# The October Crash Meme (2009)



## wayneL (8 July 2009)

There is a narrative going around the traps from those still bearish that cometh October, a great tribulation will descend upon the great unwashed bulls... Armageddon... again. :

Here is one typical view:



Thoughts?


----------



## nunthewiser (8 July 2009)

if its within my 4 month time limit i stated in all ords thread im all for it


----------



## Uncle Festivus (8 July 2009)

If US earnings dissapoint ie are "worse-than-expected", and with the indexs vulnerable where they are now, a final capitulation to new lows is feasible? Why wait for October though?


----------



## wayneL (8 July 2009)

Uncle Festivus said:


> If US earnings dissapoint ie are "worse-than-expected", and with the indexs vulnerable where they are now, a final capitulation to new lows is feasible? *Why wait for October though?*




Just get them to wait till after July 17 (option expiry) :


----------



## Trembling Hand (8 July 2009)

Nah nah nah...


----------



## Gundini (8 July 2009)

wayneL said:


> Thoughts?




While they may be right, it seems they are struggling to get a handle on the markets.... Doing their best to keep a job it seems to me... And guess what?

Their fired!


----------



## theasxgorilla (9 July 2009)

Trembling Hand said:


> Nah nah nah...




Classic TH... I knew it wasn't rhetoric, them shoots are real I tell ya!  Albeit they look like tulips... deja vu


----------



## theasxgorilla (9 July 2009)

wayneL said:


> Thoughts?




As w@nky as it sounds, more time needs to pass in order to build potential for another violent move, so yeah, October sounds more feasible than tomorrow.

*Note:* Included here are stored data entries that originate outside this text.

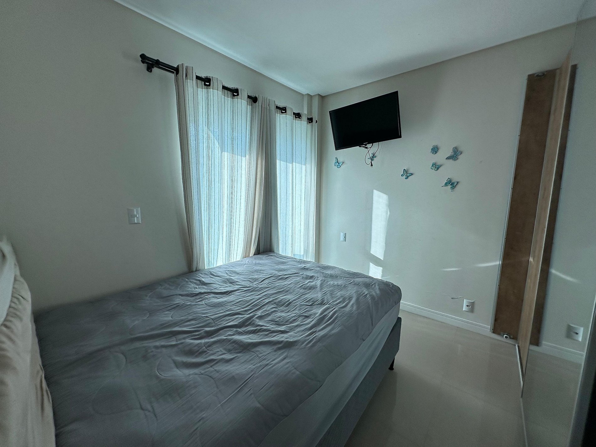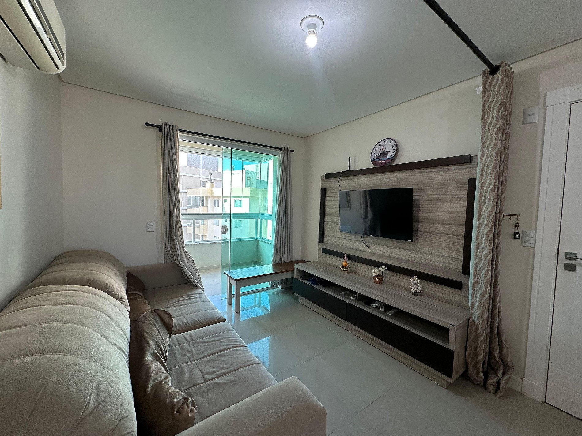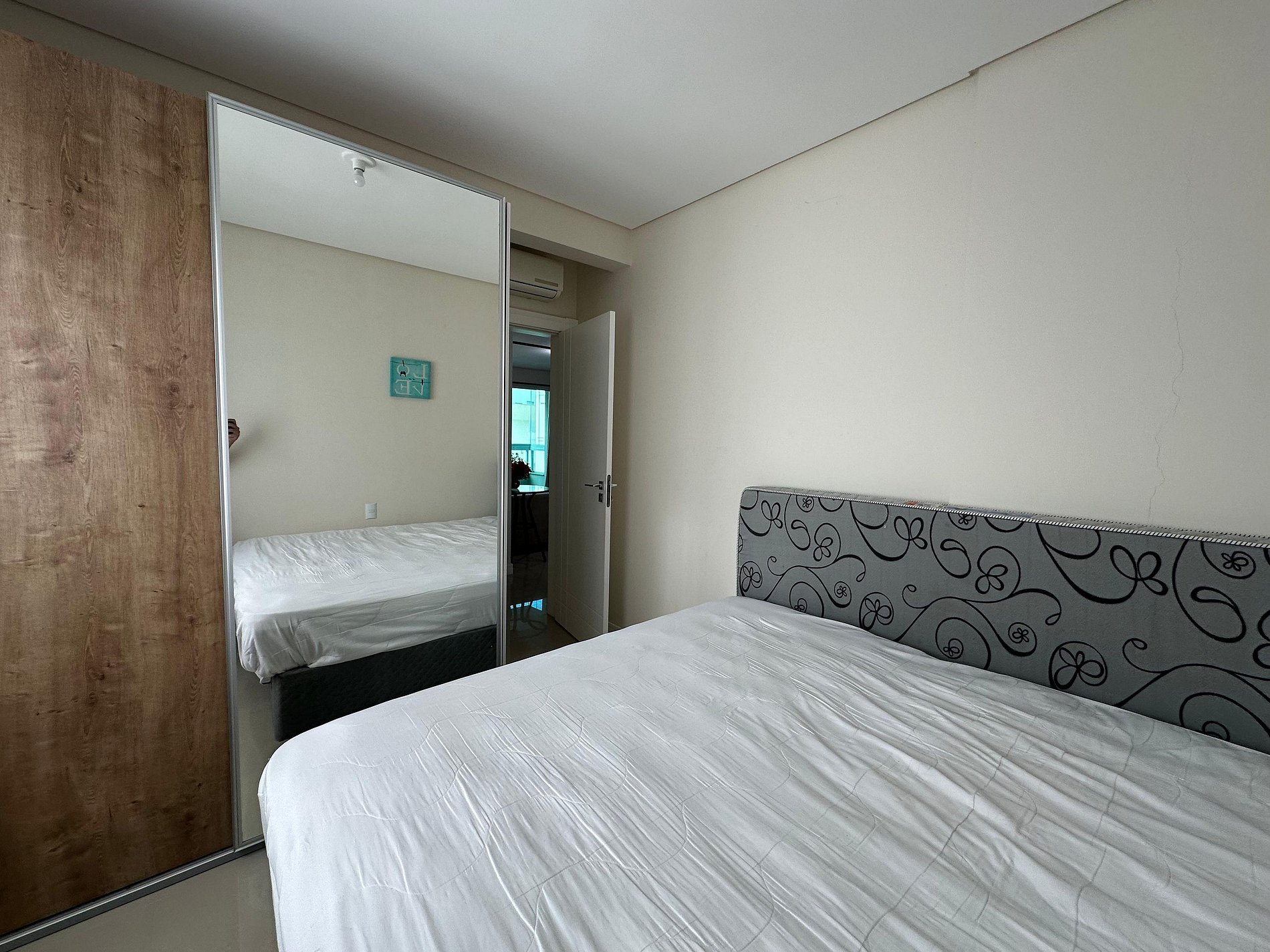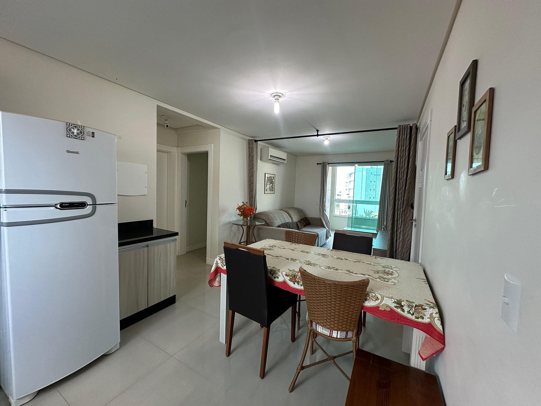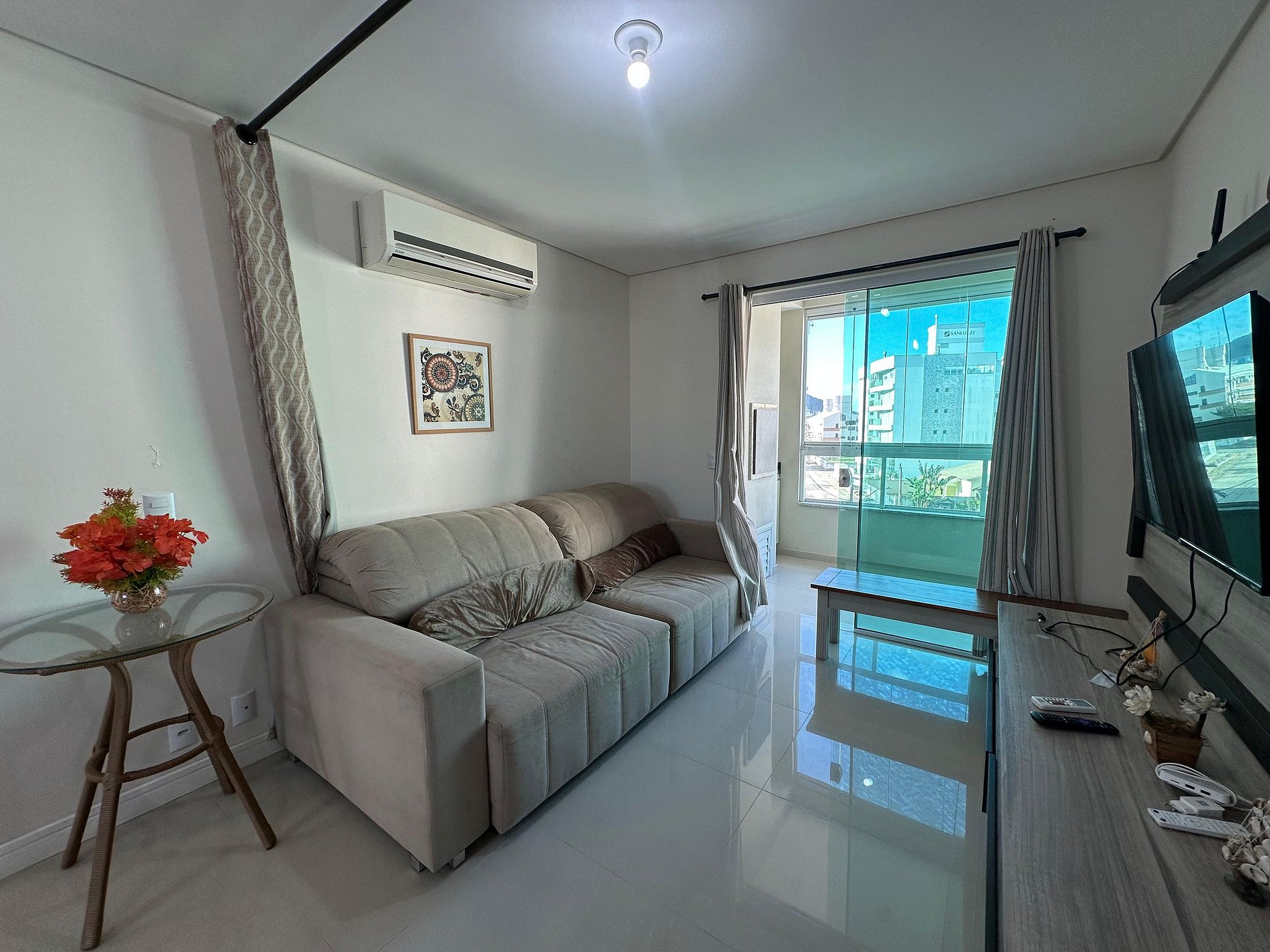 Apartamento mobiliado com 2 dormitórios (1 suíte), sala e cozinha integradas, sacada com churrasqueira e vista lateral para o mar.
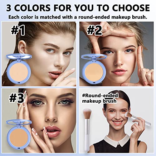 Oil Control Matte Flawless Face Pressed Powder with Brush -1Pcs Long-lasting Waterproof Oil Control Soft Focus Effect Make Up Setting Powder, Minimizes Pores & Fine Lines Face Cosmetic, Birthday, Mother’s Day, Thanksgiving Gift for Women
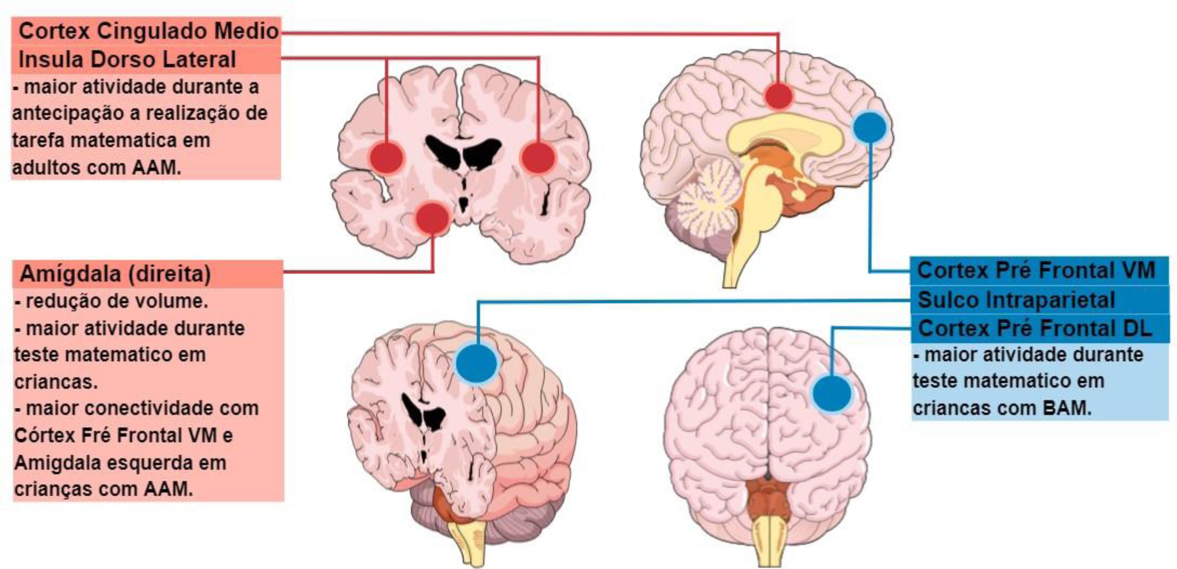 Os poucos estudos conduzidos por fMRI mostraram que, pelo menos duas bases, cerebrais estâo envolvidas na resposta emocional da Ansiedade Matemática: a rede de medo e a rede de dor. Sugere-se que os déficits de desempenho matemático em indivíduos com alta AM estâo associados a atividades nessas regiões cerebrais, comumente envolvidas na regulaçâo de emoções negativas, assim como em regiões subcorticais relacionadas a fatores motivacionais (LYONS; BEILOCK, 2012aARTEMENKO et al., 2015). Esses estudos sugerem que tais indivíduos podem superar seus déficits de desempenho aprendendo a controlar essa resposta emocional negativa, mesmo que a manipulaçâo numérica envolva custos significativos de memória de trabalho.
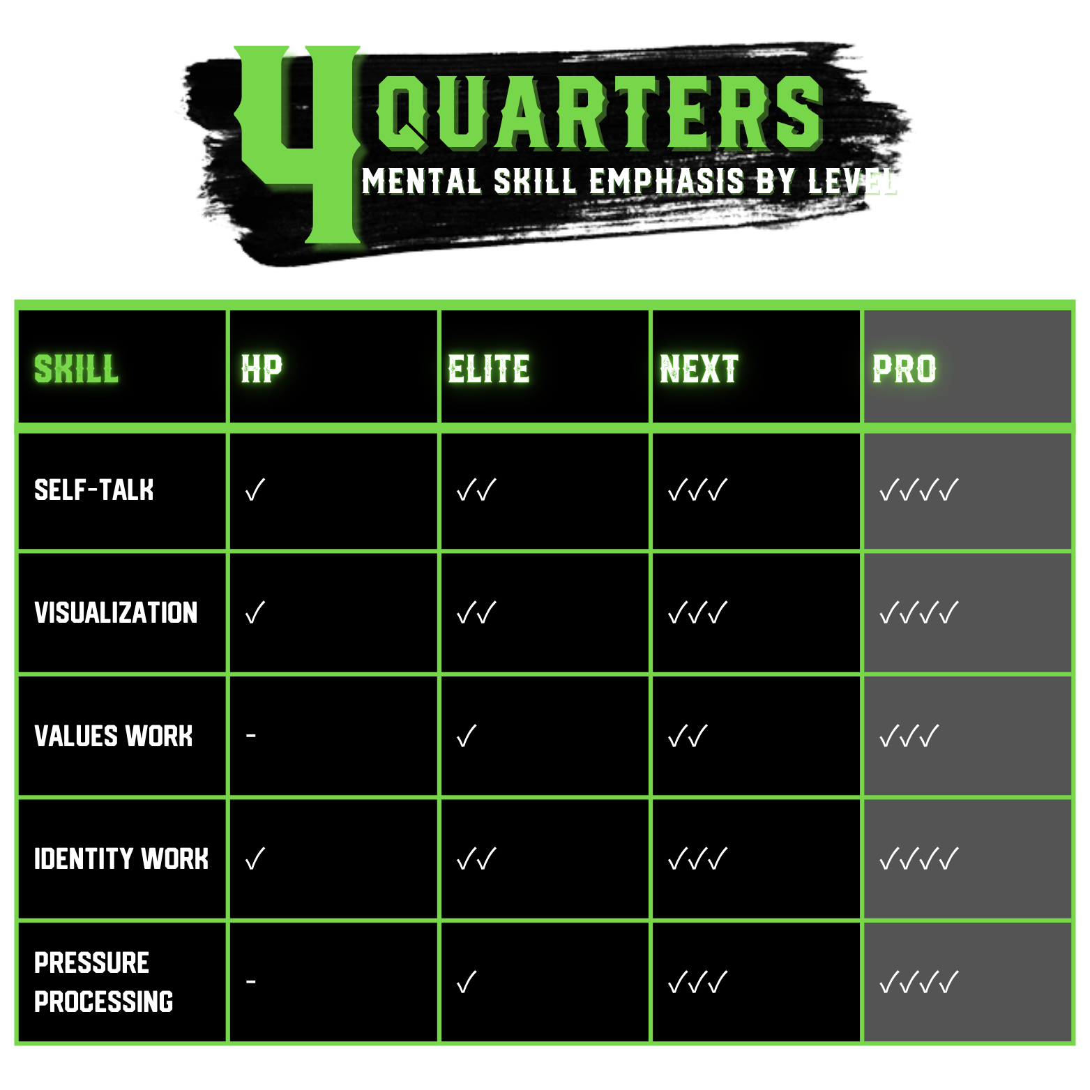 This level anchors confidence in who you are, not in what just happened. Athletes clarify the version of themselves they choose to be under pressure, eliminating inconsistency and emotional volatility.
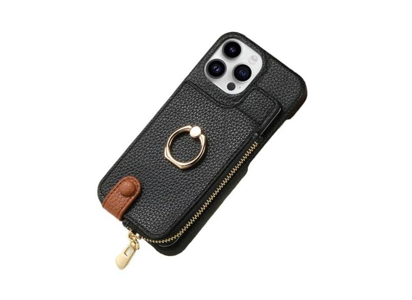 Carteira de couro com zíper e porta-cartões capa de telefone para iPhone 13 12 Mini 15 14 11 Pro Max XS XR X 7 8 Plus Capa com suporte de anel, preta, para iPhone 15 Pro
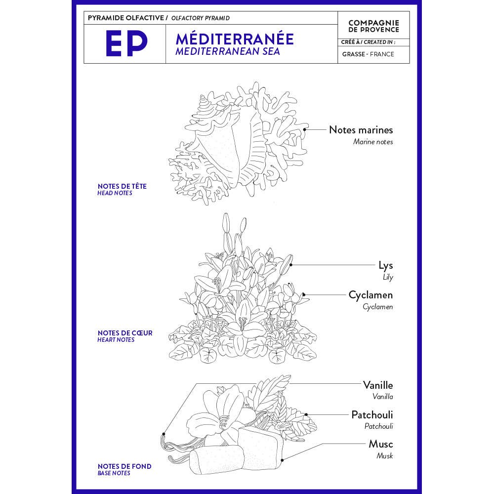 The soothing scent, created in fragrance capital Grasse, features the freshness of sea spray with delicate scents of sunny flowers.
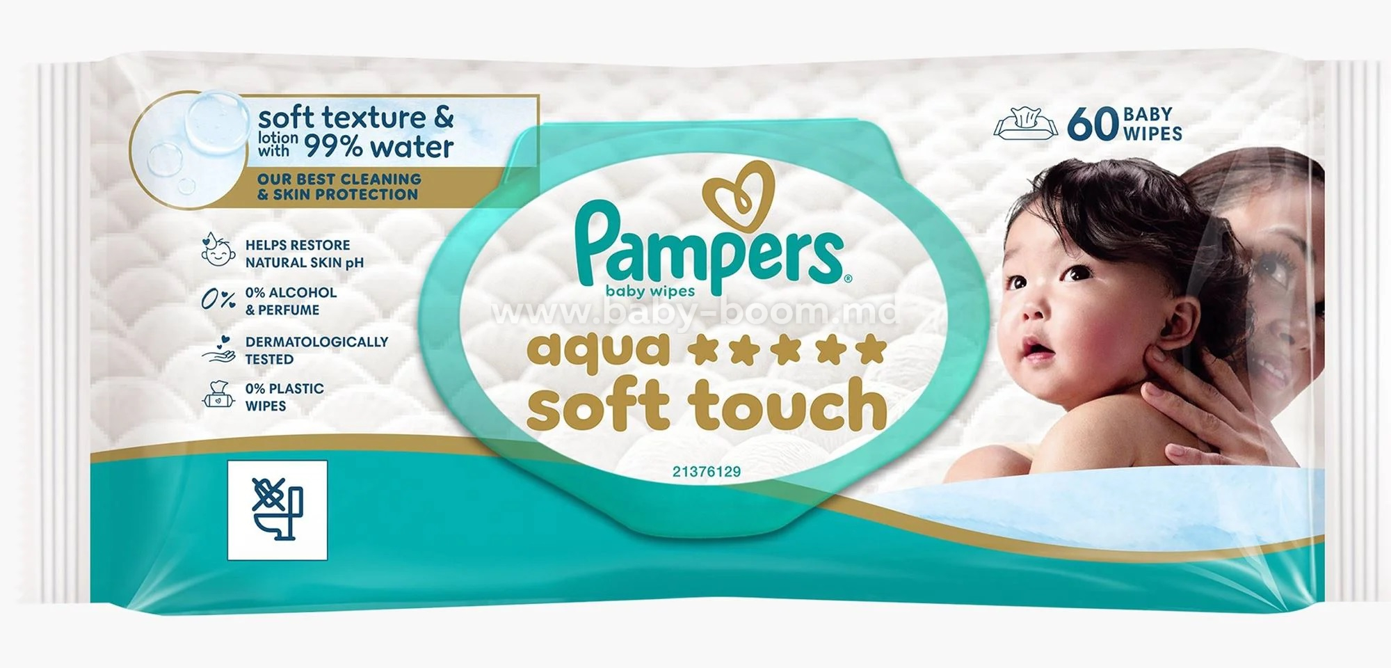 Обеспечьте самую бережную очистку и защиту нежной кожи вашего малыша с салфетками Pampers Aqua Soft Touch. Специальная формула, состоящая на 99% из чистейшей воды, идеально подходит для чувствительной кожи новорожденных, обеспечивая уход на уровне премиум-класса.
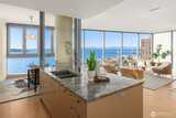 Stunning western views from this home on the coveted NW corner situated high above Pike Place Market. This residence offers phenomenal views of Elliott Bay, the Olympic Mountains, Seattle Big Wheel and sparkling city lights. The perfect setting for gracious entertaining of friends or quiet evenings at home enjoying the sunsets. Generously appointed large open living space, a chef's kitchen with separate pantry, primary suite with spa bath, guest bedroom with bath. Water views from both bedrooms. Just steps from new waterfront park and aquarium, Pike Place Market, Benaroya, stadiums, the arts, retail and Sculpture Park. Concierge 24/7, light rail, trolly and monorail. Rooftop terraces, gardens, BBQ, gym, yoga studio, boardroom, sky lounge.
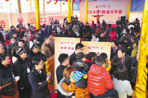 12月20日上午,腾龙名都二期开盘活动在周口大庆路桥南头售楼部举行。当天,天气阴沉,寒风瑟瑟,可是低温降低不了市民追求幸福生活的热情,寒风阻挡不住购房者置业的脚步。8时刚过,腾龙名都售楼部前新搭建的开盘活动大厅就挤满了意向买房的客户,大家或欣赏着丰富多彩的文艺节目,或评论着腾龙名都项目,或盘算着自己心仪的房源,现场气氛热闹而喜庆。9时30分,数筒礼花腾空而起,在空中炸响之后,开盘选房活动正式开始。在工作人员的组织下,客户分组进入售楼部依次选房,选定房源、填写《房号确认单》、签订《腾龙名都二期认购书》……一拨客户满怀希望进去,一拨客户面带笑容出来,选房活动始终在紧张有序地进行。一上午,137套房源成交。

But it matches my current leaning toward the scenario that these green shoots are wave-B material... C still to come.


----------



## Aussiejeff (9 July 2009)

theasxgorilla said:


> As w@nky as it sounds, more time needs to pass in order to build potential for another violent move, so yeah, October sounds more feasible than tomorrow.
> 
> But it matches my current leaning toward the scenario that *these green shoots are wave-B material... C still to come*.




With the sheer volume of uber-optimistic forecasts flooding out from the ivory towers of bailed out banks and the glittering castles of their political brethren, one could be excused for thinking that many of them have started smoking some of those carefully cultivated "green shoots". Variety "C" you say??

In my day, it was just called "grass"....


----------



## noirua (9 July 2009)

The Dow Jones Industrial appears to be treading water and remains way off 2007 levels. A long way to go in this bear market in Europe and the Americas, me thinks.

I'm going for a strong pull out of this bear market in October, however, October 2012 to October 2014. Still looking for a boom period as far out as 2016 - 2018.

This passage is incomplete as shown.